What does it take to cut through an airlock and/or a bulkhead? How long does it take? Do they have specialized breaching charges? Laser Torches?

The scenario is a pirate attack. The goal is to prevent the target Free Trader from jumping. If they can prevent that, then they have all the time they need to ransack and take what they want from the ship.

Is there anything the crew can do to actually stop prepared, motivated attackers? Can shotguns and cutlasses defend against vacc suited marauders with grenades and explosives? How many Free Traders are deigned to be death traps to potential invaders?

If the pirates literally cut out the airlock hatch, that is where there once was an airlock hatch is now a hatch size hole, is that enough to disrupt the jump grid on the ship to prevent jump? Just how much disruption can the grid take? Perhaps rather than boarding the ship, they'll just blow holes in the grid to keep the ship from jumping and decompress the ship.

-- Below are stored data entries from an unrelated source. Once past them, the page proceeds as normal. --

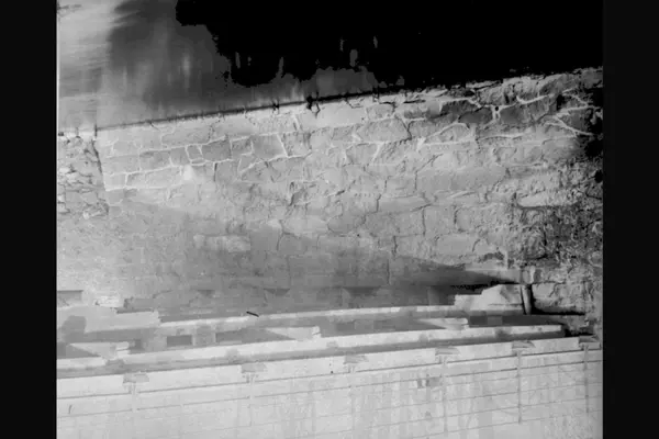 Ombyggingsarbeider på Grünerbrua. Stadsingeniøren - Fotografier af Kristiania (albumtittel). Ca 1892, basert på øvrige daterte bilder i samme album. Akerselva.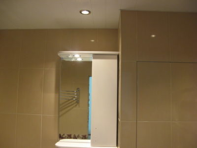 Мы установили унитаз, акриловую ванну с гибким душем, рукомойник со шкафом и зеркалом, а также смонтировали держатели для туалетной бумаги и полотенец. Проведена новая электропроводка и выполнен монтаж электрического полотенцесушителя. Подвесной потолок оформлен пластиковыми панелями со встроенными светильниками. Смета ремонта — 108000 р. Черновые материалы — 36 тыс. руб.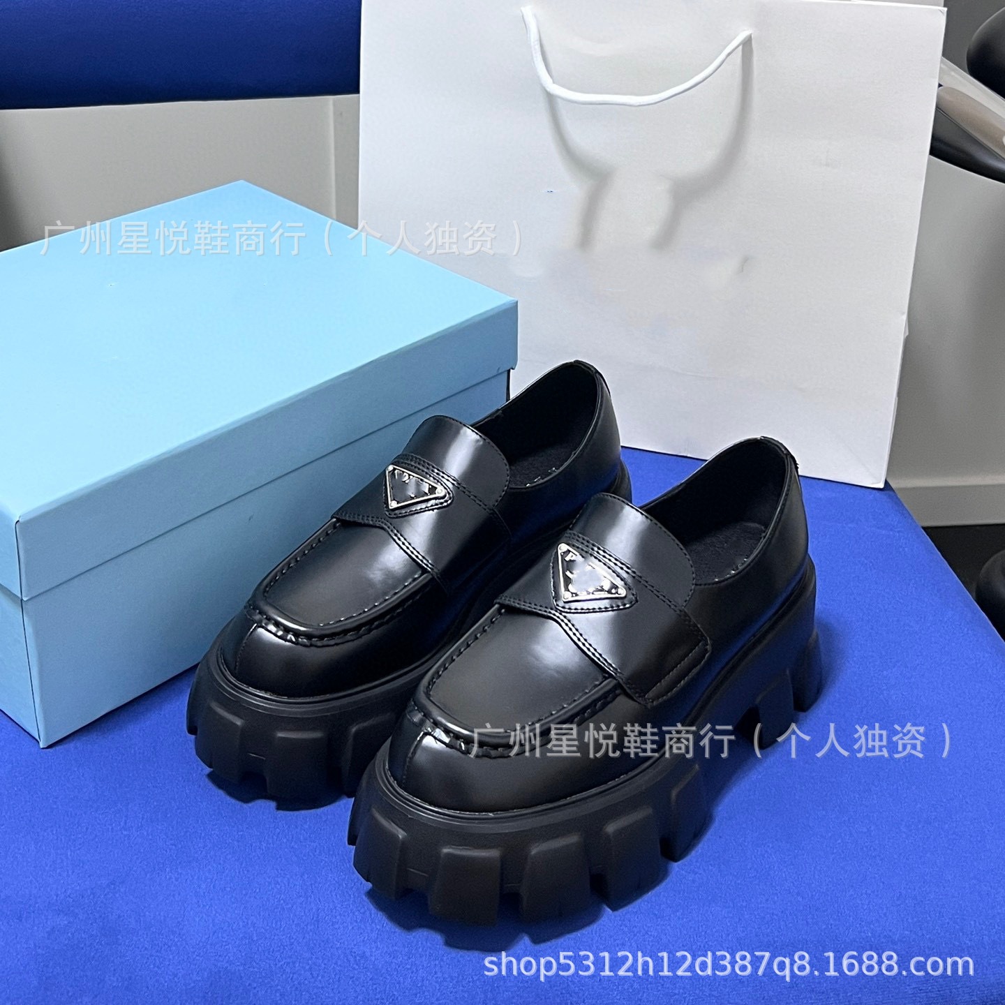 2025 새로운 금속 삼각형 로고 두꺼운 밑창 작은 가죽 신발 여성 영국 스타일 복고풍 플랫폼 두꺼운 밑창 로퍼스토어 가기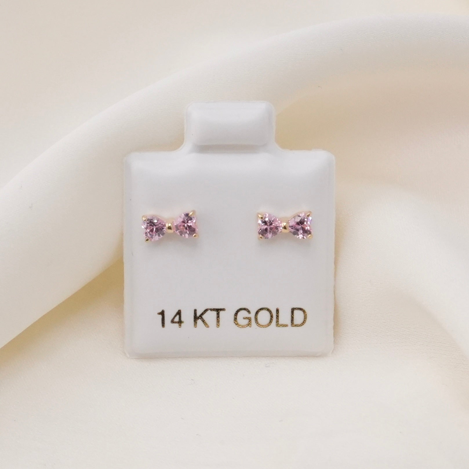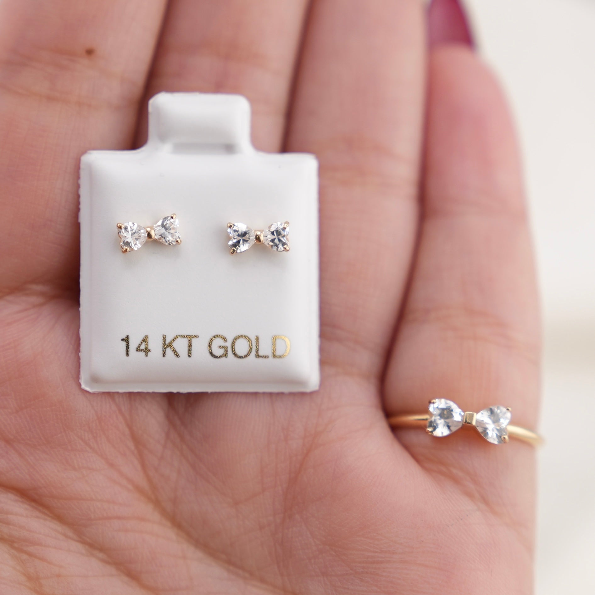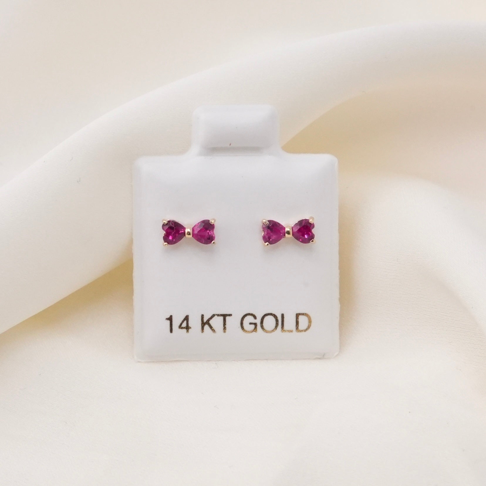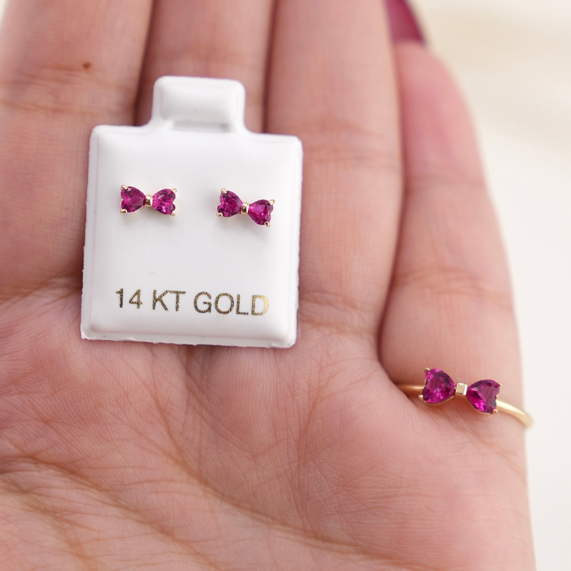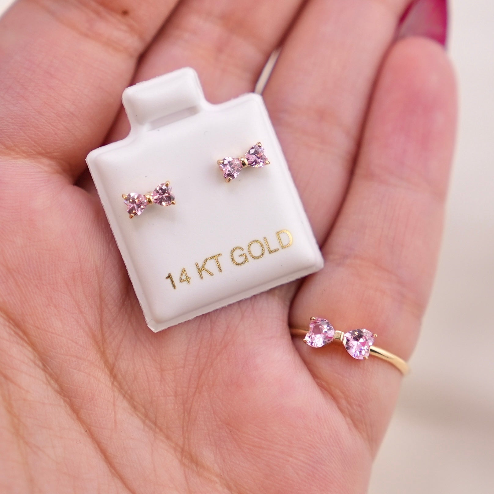 14k Gold Dark Pink Bow Earrings & Ring Set
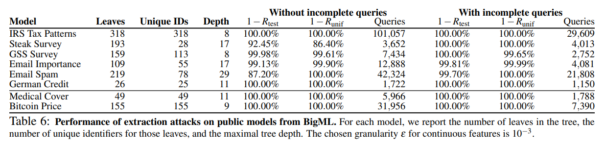 The table below shows the results of the decision tree model extraction attack from the paper: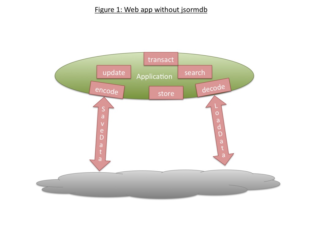 jsormdb provides a solution to all of these problems. When configured correctly, the presentation and business logic within your application can treat jsormdb as the entire data store, leaving jsormdb to handle persistence to/from the server. Without jsormdb, your application looks like Figure 1.

In Snapshot a breach is 1000 points of damage. In AHL, its 250 points of damage, and a satchel charge does (net) 25. So, that's 10 satchel charges to breach the hull. Lot of work.
 
Last game I ran the players entered through a hull breach, and damaged turret, both caused by battle damage. If the ship was fine, I'd have them roll a computer system hack, which I have also done, in that one ship can hack another. I mean though, looking at the damage repairs in Book 2, it's probably best to avoid combat, like dump cargo, or try to beat feet away from the other ship. Most of the movement work is figuring intercepts for that reason.
 
How to prevent a ship from jumping:
1) Attack them within 100 D to make them hesitate to jump lest they misjump.
2) Damage the jump drive. Since that is a large part of the prize, that's problematical.
3) Get a larger ship within 100 lengths of the target ship.
4) Docking a small craft to the hull will prevent a J-1 ship from jumping.

Breach a hull:
There is presumably specialised equipment to do it (see Mongoose). I assume a ship's laser at close range will work a treat.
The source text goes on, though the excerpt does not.